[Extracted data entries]
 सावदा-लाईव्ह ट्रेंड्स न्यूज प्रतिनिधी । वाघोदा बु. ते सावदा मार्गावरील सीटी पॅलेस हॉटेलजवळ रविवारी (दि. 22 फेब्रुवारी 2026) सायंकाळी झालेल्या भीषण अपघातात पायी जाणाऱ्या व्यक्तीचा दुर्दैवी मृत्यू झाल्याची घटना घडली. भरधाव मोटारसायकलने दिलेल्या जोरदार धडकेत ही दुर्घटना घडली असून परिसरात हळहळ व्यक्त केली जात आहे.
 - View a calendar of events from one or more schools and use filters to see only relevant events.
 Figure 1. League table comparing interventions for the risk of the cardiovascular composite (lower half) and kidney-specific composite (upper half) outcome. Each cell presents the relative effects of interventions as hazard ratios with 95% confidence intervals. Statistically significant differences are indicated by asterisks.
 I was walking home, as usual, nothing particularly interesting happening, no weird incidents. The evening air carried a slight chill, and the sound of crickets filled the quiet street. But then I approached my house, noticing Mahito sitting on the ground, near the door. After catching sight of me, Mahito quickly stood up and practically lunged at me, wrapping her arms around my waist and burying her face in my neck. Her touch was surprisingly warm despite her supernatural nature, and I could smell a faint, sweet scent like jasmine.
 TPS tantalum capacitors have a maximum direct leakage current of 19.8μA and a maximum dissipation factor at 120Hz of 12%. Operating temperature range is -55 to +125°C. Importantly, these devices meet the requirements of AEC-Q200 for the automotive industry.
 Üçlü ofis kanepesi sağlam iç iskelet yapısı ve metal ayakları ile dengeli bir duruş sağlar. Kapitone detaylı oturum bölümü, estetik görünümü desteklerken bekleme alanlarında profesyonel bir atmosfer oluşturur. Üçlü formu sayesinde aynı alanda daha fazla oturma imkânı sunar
---
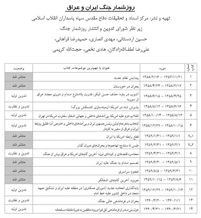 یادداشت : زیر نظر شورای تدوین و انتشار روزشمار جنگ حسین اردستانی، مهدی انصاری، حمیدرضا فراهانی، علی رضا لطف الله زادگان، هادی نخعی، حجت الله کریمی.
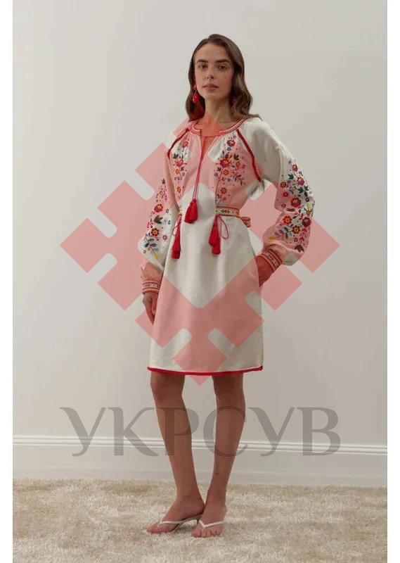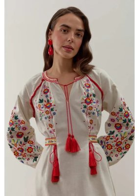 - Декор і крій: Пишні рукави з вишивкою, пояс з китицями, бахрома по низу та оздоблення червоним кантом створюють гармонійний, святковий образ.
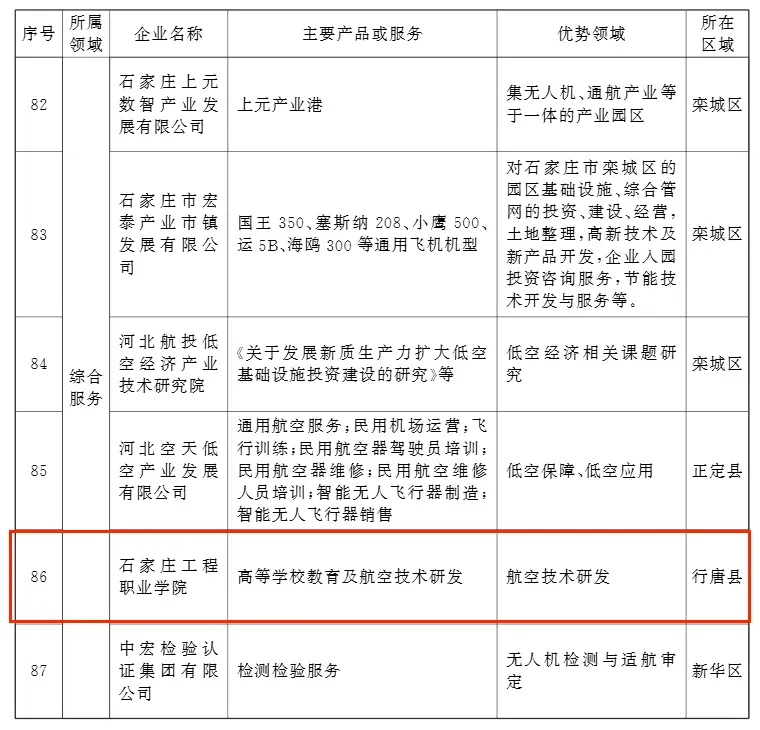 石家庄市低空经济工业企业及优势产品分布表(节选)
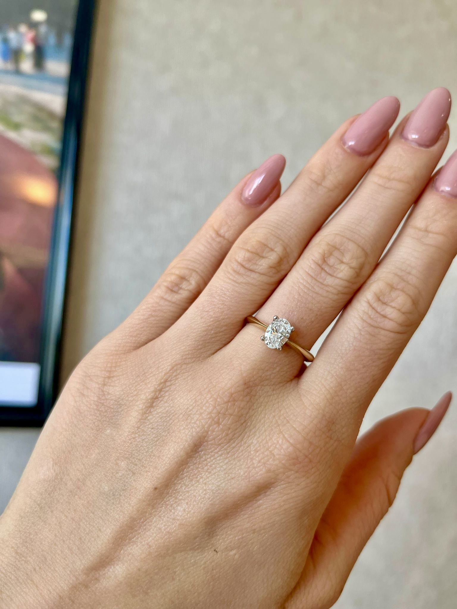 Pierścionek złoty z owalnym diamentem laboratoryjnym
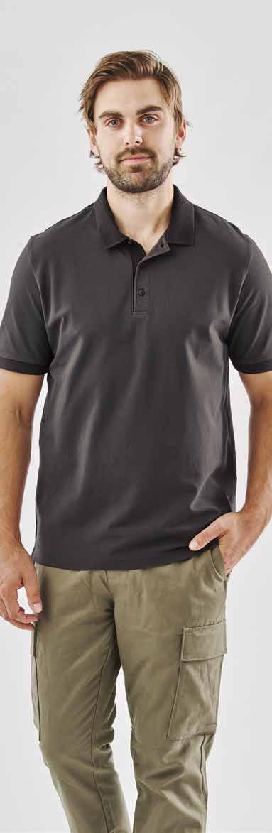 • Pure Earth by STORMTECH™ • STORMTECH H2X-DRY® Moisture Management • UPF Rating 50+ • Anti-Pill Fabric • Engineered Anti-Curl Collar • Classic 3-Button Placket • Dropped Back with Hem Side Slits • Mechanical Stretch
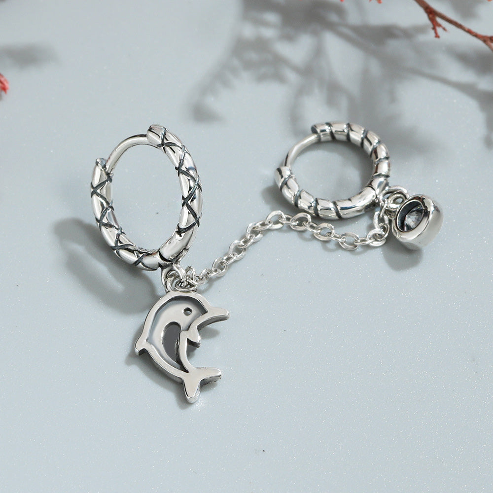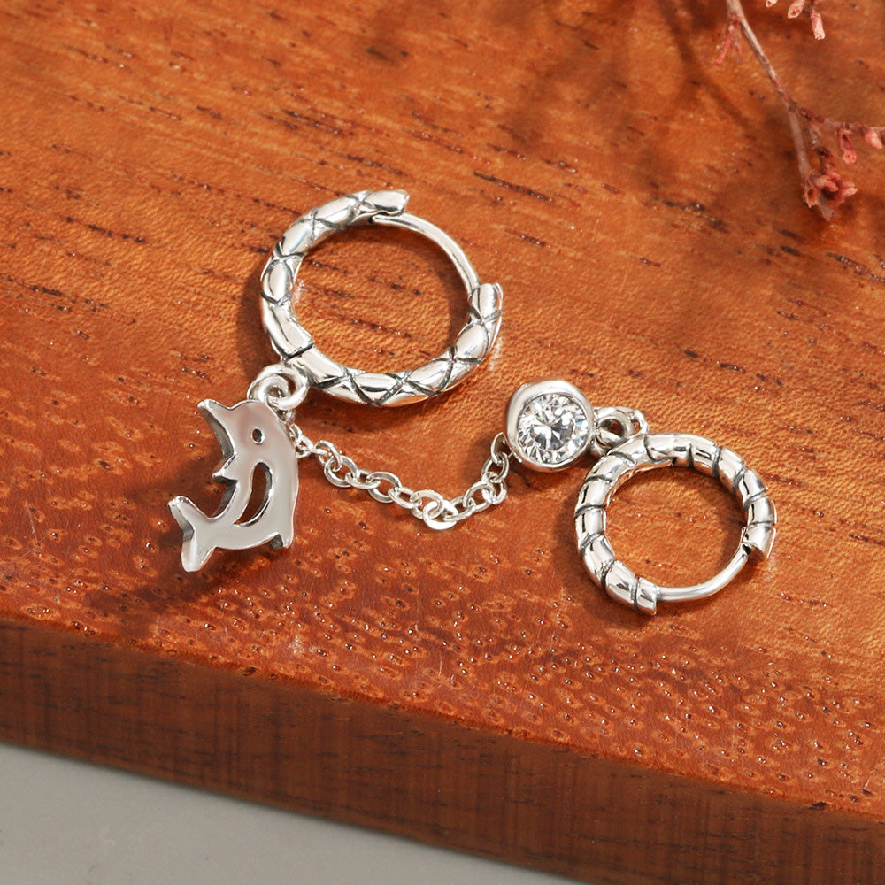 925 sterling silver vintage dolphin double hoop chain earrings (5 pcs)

**Exercise details**
Your task is to restate, word for word, only those lines above that fall between the line holding "TPS tantalum capacitors" and the line holding "Üçlü ofis kanepesi", inclusive.

**Task answer**
 TPS tantalum capacitors have a maximum direct leakage current of 19.8μA and a maximum dissipation factor at 120Hz of 12%. Operating temperature range is -55 to +125°C. Importantly, these devices meet the requirements of AEC-Q200 for the automotive industry.
 Üçlü ofis kanepesi sağlam iç iskelet yapısı ve metal ayakları ile dengeli bir duruş sağlar. Kapitone detaylı oturum bölümü, estetik görünümü desteklerken bekleme alanlarında profesyonel bir atmosfer oluşturur. Üçlü formu sayesinde aynı alanda daha fazla oturma imkânı sunar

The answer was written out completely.